*** Opening of Input data ***
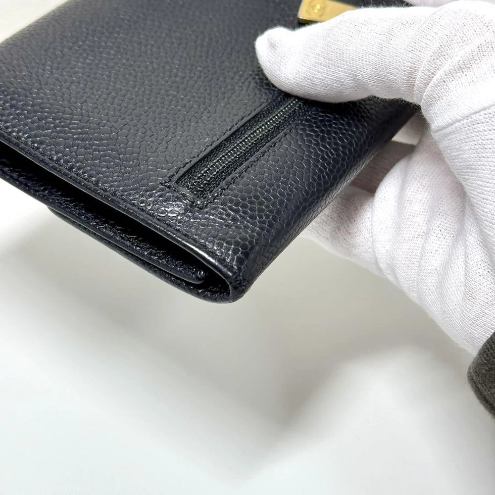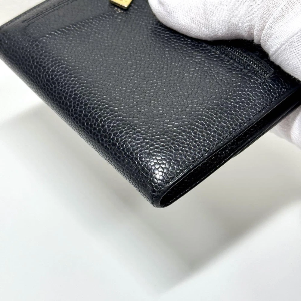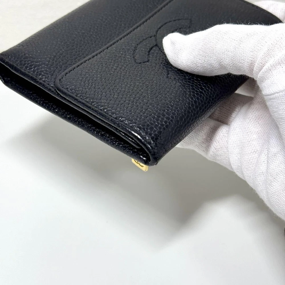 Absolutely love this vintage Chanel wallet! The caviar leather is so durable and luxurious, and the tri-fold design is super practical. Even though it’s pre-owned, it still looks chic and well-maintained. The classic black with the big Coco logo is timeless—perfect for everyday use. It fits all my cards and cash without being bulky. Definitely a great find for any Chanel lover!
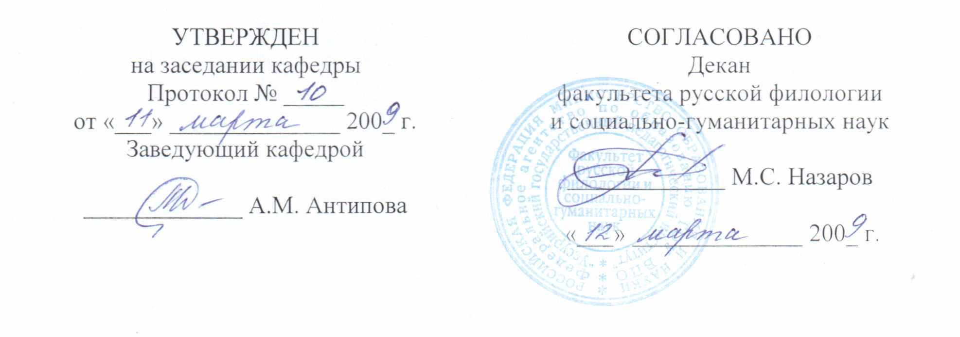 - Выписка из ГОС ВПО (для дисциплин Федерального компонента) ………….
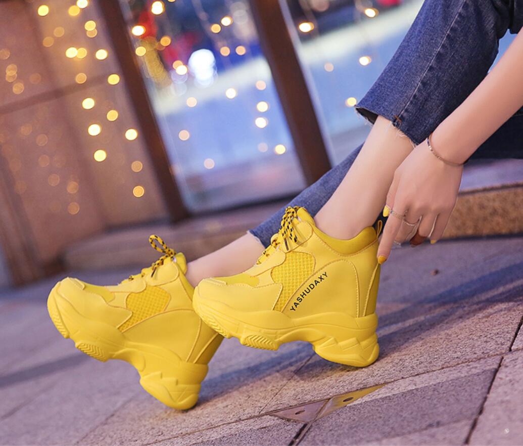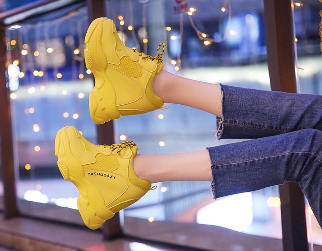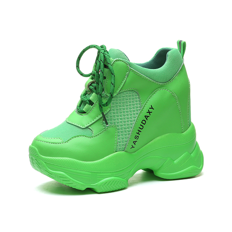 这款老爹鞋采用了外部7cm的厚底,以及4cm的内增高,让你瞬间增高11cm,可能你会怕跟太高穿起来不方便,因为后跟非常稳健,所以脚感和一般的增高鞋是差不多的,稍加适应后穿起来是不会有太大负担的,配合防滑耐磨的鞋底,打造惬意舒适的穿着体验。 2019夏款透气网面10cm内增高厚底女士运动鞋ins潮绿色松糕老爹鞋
*** Close of Input data ***
*** Opening of Input data ***
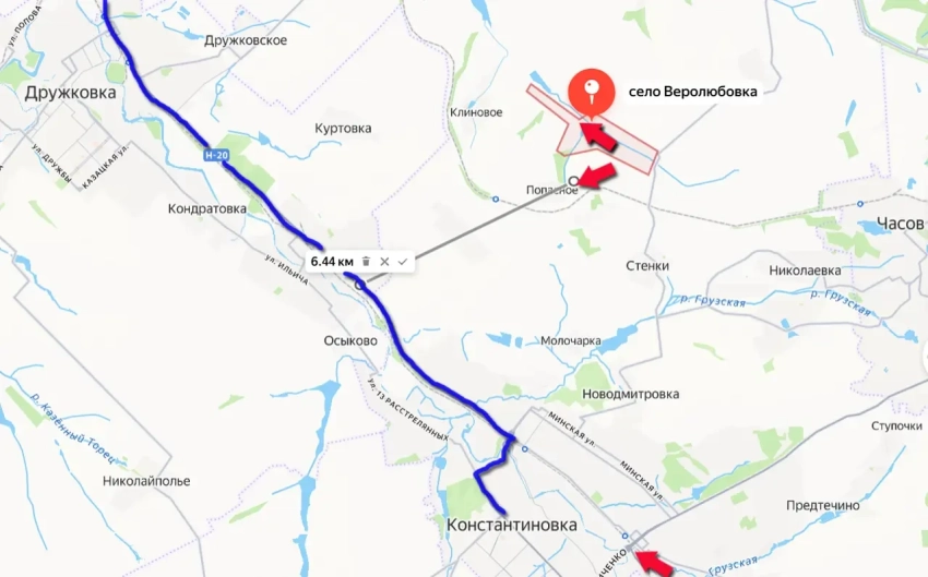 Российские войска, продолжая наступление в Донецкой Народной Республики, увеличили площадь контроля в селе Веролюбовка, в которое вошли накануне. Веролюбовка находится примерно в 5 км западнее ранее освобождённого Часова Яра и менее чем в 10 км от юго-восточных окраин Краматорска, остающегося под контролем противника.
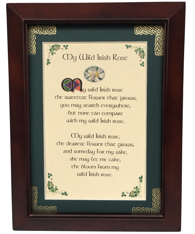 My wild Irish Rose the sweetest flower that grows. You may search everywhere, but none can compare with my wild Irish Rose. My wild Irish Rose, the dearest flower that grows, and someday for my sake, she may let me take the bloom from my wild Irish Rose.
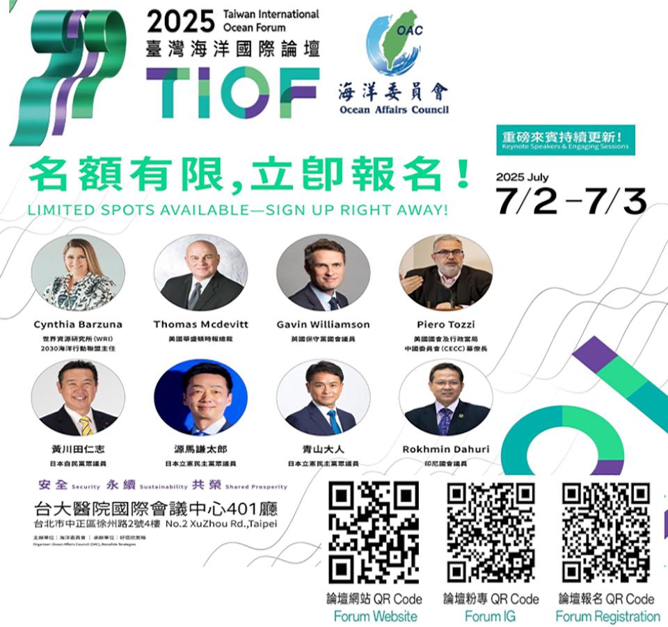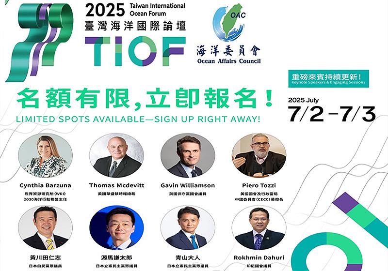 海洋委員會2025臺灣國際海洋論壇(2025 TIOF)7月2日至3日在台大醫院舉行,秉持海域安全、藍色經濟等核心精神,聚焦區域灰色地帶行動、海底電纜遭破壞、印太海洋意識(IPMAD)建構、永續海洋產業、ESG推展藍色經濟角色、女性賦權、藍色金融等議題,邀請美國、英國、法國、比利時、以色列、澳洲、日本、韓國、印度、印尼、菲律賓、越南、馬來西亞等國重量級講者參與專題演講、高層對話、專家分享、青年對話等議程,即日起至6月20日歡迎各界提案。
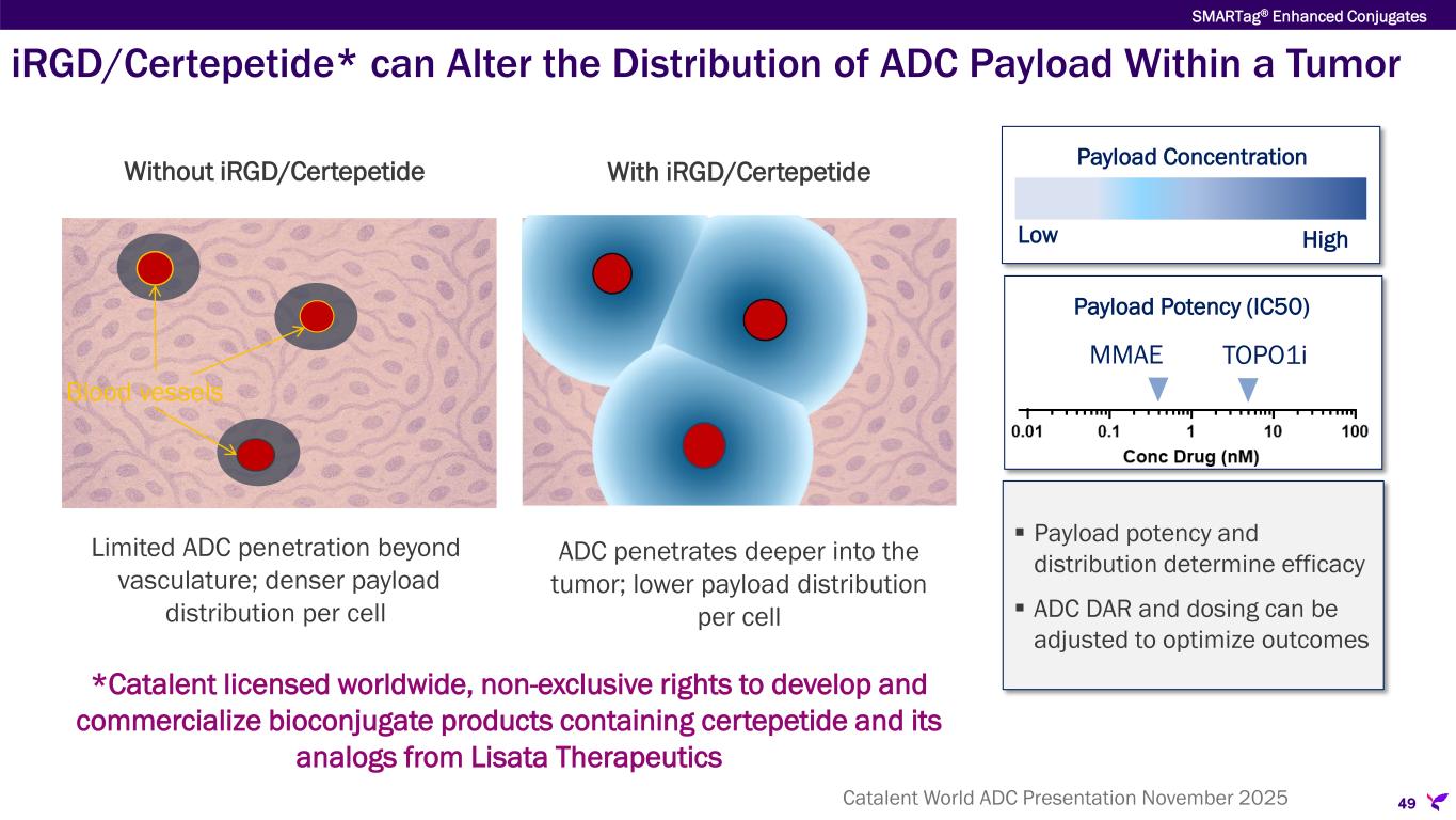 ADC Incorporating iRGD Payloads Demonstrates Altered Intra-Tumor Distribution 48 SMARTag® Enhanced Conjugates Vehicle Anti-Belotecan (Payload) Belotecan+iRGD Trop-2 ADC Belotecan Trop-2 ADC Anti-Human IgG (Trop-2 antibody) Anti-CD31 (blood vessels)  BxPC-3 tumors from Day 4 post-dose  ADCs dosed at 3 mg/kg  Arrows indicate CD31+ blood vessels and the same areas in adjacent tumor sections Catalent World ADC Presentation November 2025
*** Close of Input data ***
*** Opening of Input data ***
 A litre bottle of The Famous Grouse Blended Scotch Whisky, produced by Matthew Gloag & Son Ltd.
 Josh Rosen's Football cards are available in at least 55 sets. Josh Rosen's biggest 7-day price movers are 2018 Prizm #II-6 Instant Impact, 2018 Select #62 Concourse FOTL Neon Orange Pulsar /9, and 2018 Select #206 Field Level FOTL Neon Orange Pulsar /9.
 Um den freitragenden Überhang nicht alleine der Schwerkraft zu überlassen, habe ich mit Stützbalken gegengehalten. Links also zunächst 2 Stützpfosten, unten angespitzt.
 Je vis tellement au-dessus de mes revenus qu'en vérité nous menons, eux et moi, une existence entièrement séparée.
*** Close of Input data ***
#### Assigned task:
Starting at the line above that has "Absolutely love this" and ending at the line that has "这款老爹鞋采用了外部7cm的", copy each line exactly, leaving the pictures out and adding nothing.

#### Output:
 Absolutely love this vintage Chanel wallet! The caviar leather is so durable and luxurious, and the tri-fold design is super practical. Even though it’s pre-owned, it still looks chic and well-maintained. The classic black with the big Coco logo is timeless—perfect for everyday use. It fits all my cards and cash without being bulky. Definitely a great find for any Chanel lover!
 - Выписка из ГОС ВПО (для дисциплин Федерального компонента) ………….
 这款老爹鞋采用了外部7cm的厚底,以及4cm的内增高,让你瞬间增高11cm,可能你会怕跟太高穿起来不方便,因为后跟非常稳健,所以脚感和一般的增高鞋是差不多的,稍加适应后穿起来是不会有太大负担的,配合防滑耐磨的鞋底,打造惬意舒适的穿着体验。 2019夏款透气网面10cm内增高厚底女士运动鞋ins潮绿色松糕老爹鞋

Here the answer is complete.